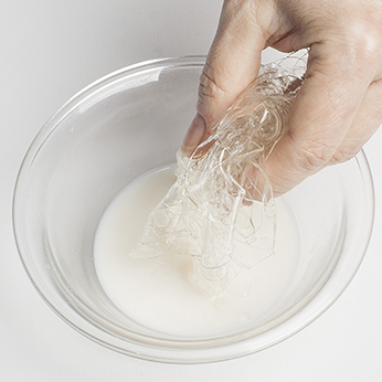 Sciogliere in 40 g di latte caldo la colla di pesce già ammollata in acqua fredda e ben strizzata, poi unirla al latte rimasto.
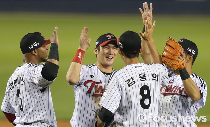(서울=포커스뉴스) 20일 서울 잠실구장에서 열린 2016 프로야구 넥센-LG 경기에서 역전승한 LG 내야수들이 마운드에 모여 하이파이브하며 승리의 기쁨을 나누고 있다.
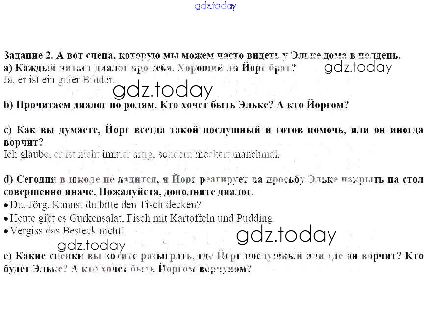 На страницах сайта gdz.today вы найдете учебный и вспомогательный материал, направленный на улучшения знаний школьной программы. ГДЗ - онлайн мир знаний Раздел 5 Решение к главе 5 (Разделы) 2 Учебнику по Немецкому языку для 6 класса Бим, Садомова Просвещение 2014
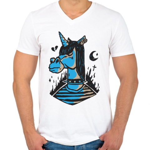 1 kép PRINTFASHION Unikornis depis - depressziós - Férfi V-nyakú póló - Fehér
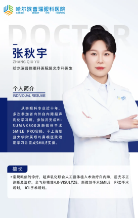 哈尔滨普瑞眼科屈光专科张秋宇医生:
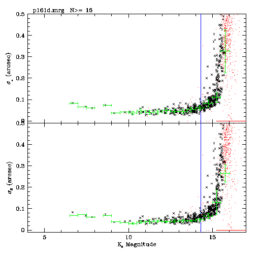 The internal RA (top) and DEC (bottom) positional repeatability of all sources in the P161-D calibration field are shown in Figure 7 versus Ks magnitude. As in Figure 4, the black crosses denote sources detected at least 16 out of the 18 times the field was scanned, red points indicate sources detected less than 16 times, and the green bars show the average positional RMS in 0.5-mag bins. The full scale in each panel is 0.5". One can see that the internal positional consistency is outstanding.
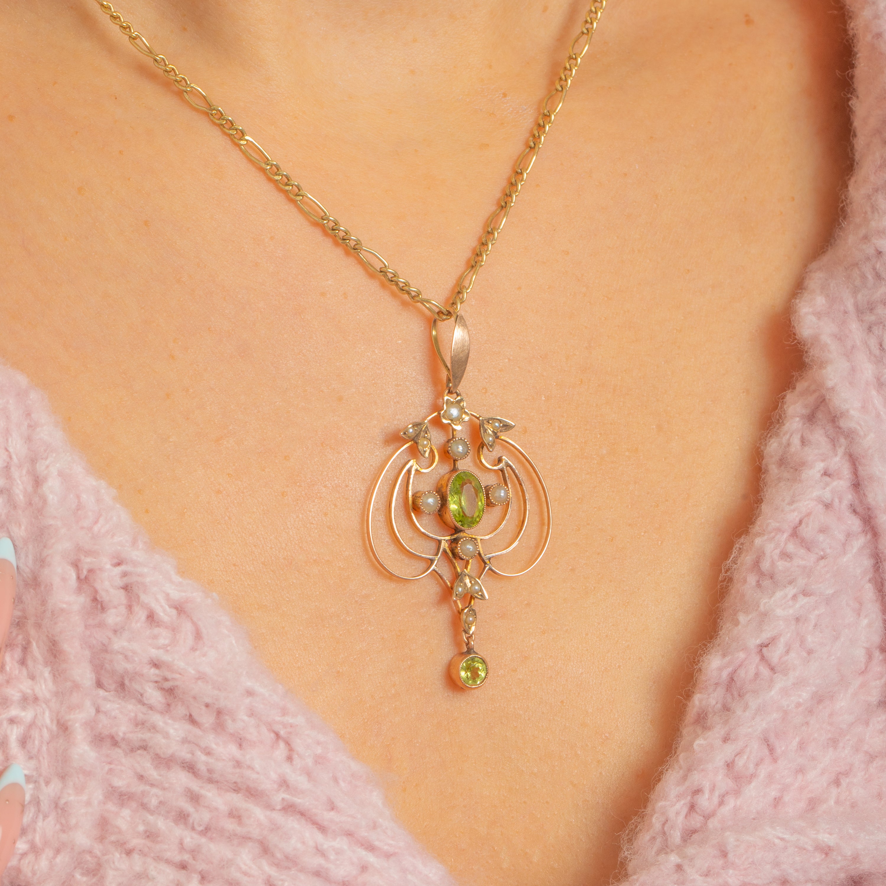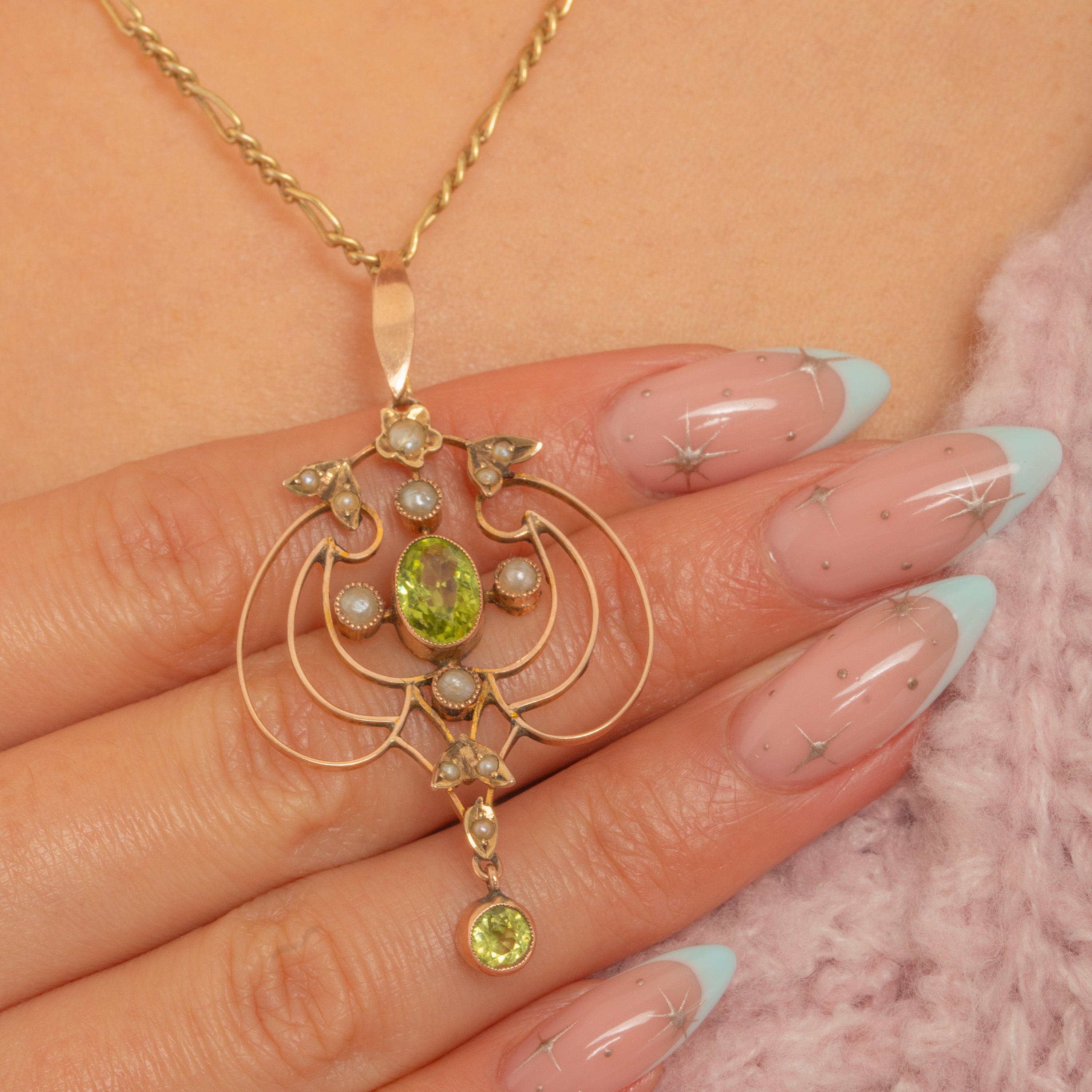 A graceful Edwardian pendant crafted in 9ct Gold, its airy openwork traced with flowing whiplash curves and tiny foliate accents. At the heart glows an oval Peridot in a fine milgrain collet, its fresh apple-green hue echoed by a dainty round Peridot drop that dances below. Creamy Pearls are dotted across the design, lending soft lustre against the warm Gold.
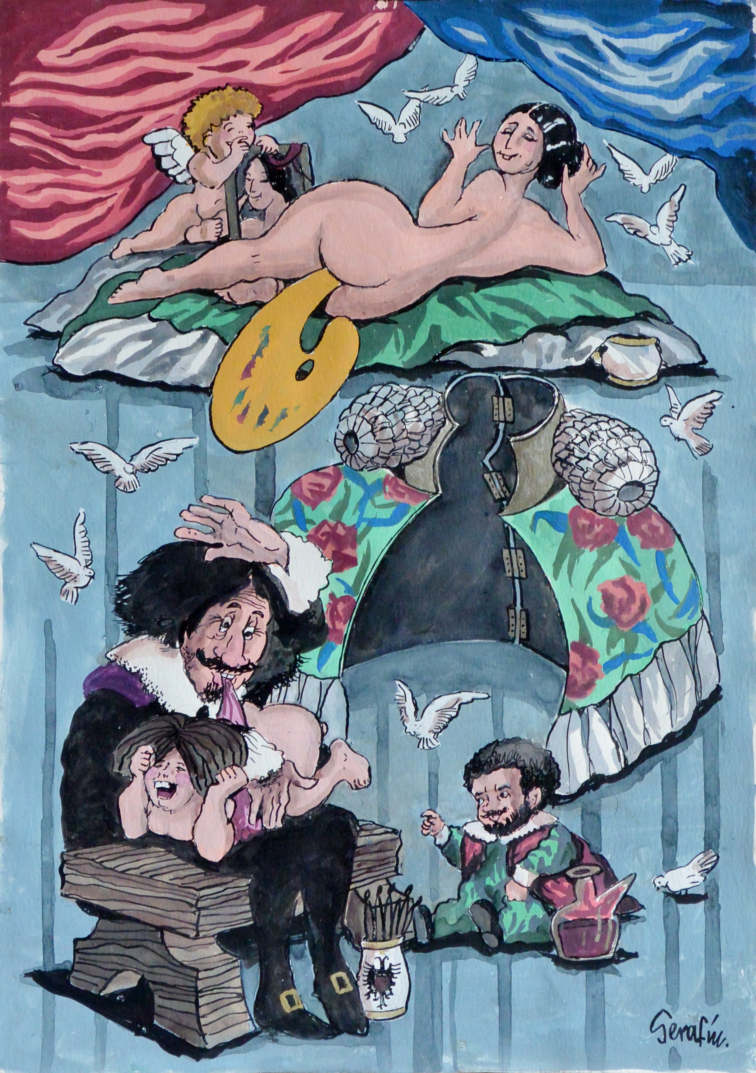 Serafín Rojo, La Venus del espejo Velazquez, acuarela cartulina, 47×33 cms.
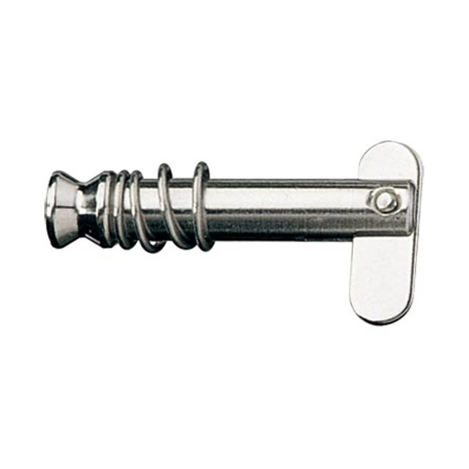 Axe en inox à éjection rapide. L’axe est équipé d’un linguet qui bascule pour sécuriser l’axe une fois celui-ci en place. le ressort opère une pression sur l’axe le maintenant bien en place et empêchant le linguet de se défaire.
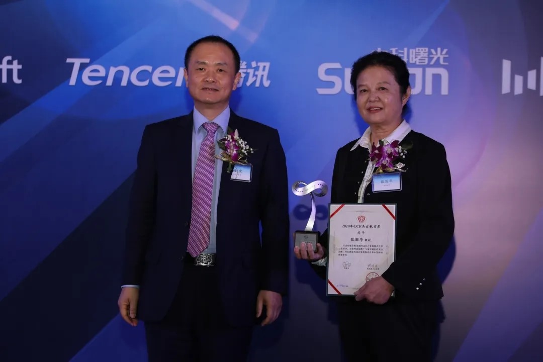 “中国计算机学会杰出教育奖”旨在奖励于计算机教育的教育思想、教学方法、教学、课程改革和人才培养方面有突出贡献,或在中国计算机学会(简称CCF)推动中国计算机教育改革与发展方面有重要贡献的人士,每年全国奖励不超过两人。耿国华教授因其在推动我国文科计算机教育以及数据结构、计算机基础等课程建设中的突出贡献被CCF奖励委员会授予“CCF杰出教育奖”。
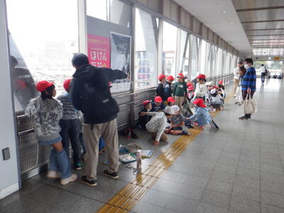 高幡不動駅の自由通路のところにも2年生たちが集まっています。
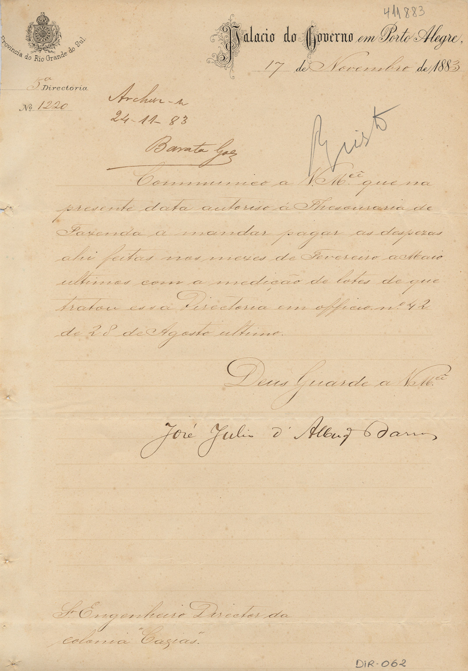 Do Palácio do Governo - 5ª Diretoria - José Júlio de Albuquerque Barros, para o Engenheiro Diretor da Colônia Caxias. Assunto: autoriza a Tesouraria de Fazenda a pagar as despesas feitas com a medição de lotes nos meses de fevereiro à maio. Local: Porto Alegre.
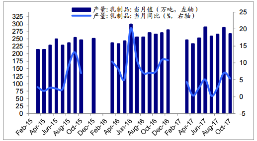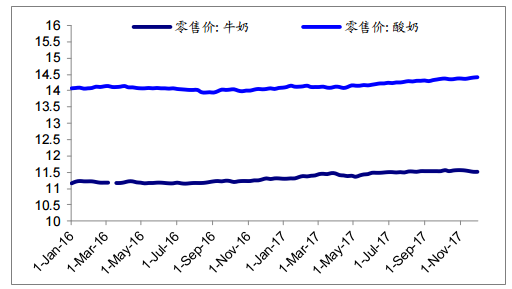 2017年10 月国内乳制品产量 266.40 万吨,同比增长 5.4%,环比下降 7.3%。2017 年 1-10 月国内乳制品累计产量 2496.4 万吨,同比增长 4.1%。2017 年前 三季度乳制品销售量为 2291.2 万吨,同比增长 5.1%。 乳品终端报价稳中有升。2017年11 月乳品终端价格牛奶零售报价 11.52 元/升,环比降低 0.43%,同比增长 2.04%。酸奶零售报价 14.40 元/升,环比上涨 0.21%,同比上升 2.56%。2017 年牛奶零售价稳定在 11.3-11.6 元/升的区间内窄幅波动,酸奶零售价稳定在 14-14.5 元/升的区间轻微震荡。
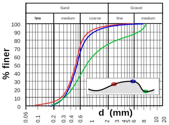 - Klaassen, G.J. Experiments on the effect of gradation and vertical sorting on sediment transport phenomena in the dune phase. In Proceedings of the International Grain Sorting Seminar, Ascono, Switzerland, 21–26 October 1991; Mitteilungen der Versuchsanstalt fur Wasserbau, Hydrologie und Glaziologie an der Eidgenossischen Technischen Hochschule: Zürich, Switzerland, 1992. Heft 117. [Google Scholar]
------------
**ASSIGNMENT:** Repeat exactly the lines from the first line of the records above through the line containing "Do Palácio do", leaving out the pictures.

**ANSWER TO THE PROBLEM:**
 Sciogliere in 40 g di latte caldo la colla di pesce già ammollata in acqua fredda e ben strizzata, poi unirla al latte rimasto.
(서울=포커스뉴스) 20일 서울 잠실구장에서 열린 2016 프로야구 넥센-LG 경기에서 역전승한 LG 내야수들이 마운드에 모여 하이파이브하며 승리의 기쁨을 나누고 있다.
 На страницах сайта gdz.today вы найдете учебный и вспомогательный материал, направленный на улучшения знаний школьной программы. ГДЗ - онлайн мир знаний Раздел 5 Решение к главе 5 (Разделы) 2 Учебнику по Немецкому языку для 6 класса Бим, Садомова Просвещение 2014
 1 kép PRINTFASHION Unikornis depis - depressziós - Férfi V-nyakú póló - Fehér
 哈尔滨普瑞眼科屈光专科张秋宇医生:
 The internal RA (top) and DEC (bottom) positional repeatability of all sources in the P161-D calibration field are shown in Figure 7 versus Ks magnitude. As in Figure 4, the black crosses denote sources detected at least 16 out of the 18 times the field was scanned, red points indicate sources detected less than 16 times, and the green bars show the average positional RMS in 0.5-mag bins. The full scale in each panel is 0.5". One can see that the internal positional consistency is outstanding.
 A graceful Edwardian pendant crafted in 9ct Gold, its airy openwork traced with flowing whiplash curves and tiny foliate accents. At the heart glows an oval Peridot in a fine milgrain collet, its fresh apple-green hue echoed by a dainty round Peridot drop that dances below. Creamy Pearls are dotted across the design, lending soft lustre against the warm Gold.
 Serafín Rojo, La Venus del espejo Velazquez, acuarela cartulina, 47×33 cms.
 Axe en inox à éjection rapide. L’axe est équipé d’un linguet qui bascule pour sécuriser l’axe une fois celui-ci en place. le ressort opère une pression sur l’axe le maintenant bien en place et empêchant le linguet de se défaire.
 “中国计算机学会杰出教育奖”旨在奖励于计算机教育的教育思想、教学方法、教学、课程改革和人才培养方面有突出贡献,或在中国计算机学会(简称CCF)推动中国计算机教育改革与发展方面有重要贡献的人士,每年全国奖励不超过两人。耿国华教授因其在推动我国文科计算机教育以及数据结构、计算机基础等课程建设中的突出贡献被CCF奖励委员会授予“CCF杰出教育奖”。
 高幡不動駅の自由通路のところにも2年生たちが集まっています。
 Do Palácio do Governo - 5ª Diretoria - José Júlio de Albuquerque Barros, para o Engenheiro Diretor da Colônia Caxias. Assunto: autoriza a Tesouraria de Fazenda a pagar as despesas feitas com a medição de lotes nos meses de fevereiro à maio. Local: Porto Alegre.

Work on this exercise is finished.